The Foremost leader of Political Zionism
The first Zionist Congress was held in Basle in 1897 at which the World Zionist Organization was founded and Herzl elected its president. In 1902 Herzl published his utopian vision of the Jewish State, the Altneuland ("Old New Land"). Herzl died, at the early age of 44, in Vienna, where he was buried. In 1949 Herzl's remains were taken to Jerusalem where they were buried on a hill, now called Mount Herzl. More than any other thinker and politician, Herzl was indirectly responsible for the emergence of the State of Israel and is acknowledged to be the State's true founder.
It is undeniable that Herzl's ideas, while contributing immensely to the survival of the Jewish people, created problems for the Jewish religion. For Herzl and for political Zionism as a movement, the Jews were a nation like other nations, and this raised questions about the nature of Judaism.

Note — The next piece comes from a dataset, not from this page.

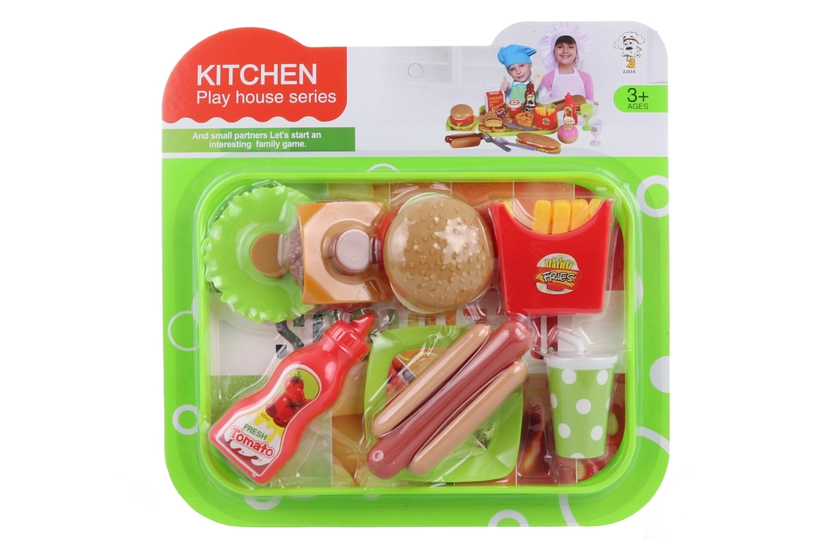 Este set de juego de comida rápida encantará a todos los pequeños amantes de cocinar y atender. La hamburguesa se puede desmontar fácilmente en sus ingredientes (pan, lechuga, filete, queso, tomate, mayonesa), para que los niños puedan montar su propio “menú” y desarrollar la imaginación y las habilidades.

The majority of the Rabbis in Herzl's day, whether Orthodox or Reform, were opposed to his views on precisely these grounds. The Reformers believed that the new emphasis on nationhood frustrated the universalistic thrust of Judaism as a world religion independent of nationality. The Orthodox, at the opposite end of the spectrum, believed that the particularistic elements in Judaism were contained in the Torah and the practice of its laws, not in any form of secular nationalism; though the Mizrachi movement sought to combine the ideas of nationalism and religion for Jews in a modern State. Once the State of Israel had been established, the whole debate became purely academic, which is not to deny that many of the problems still await their solution.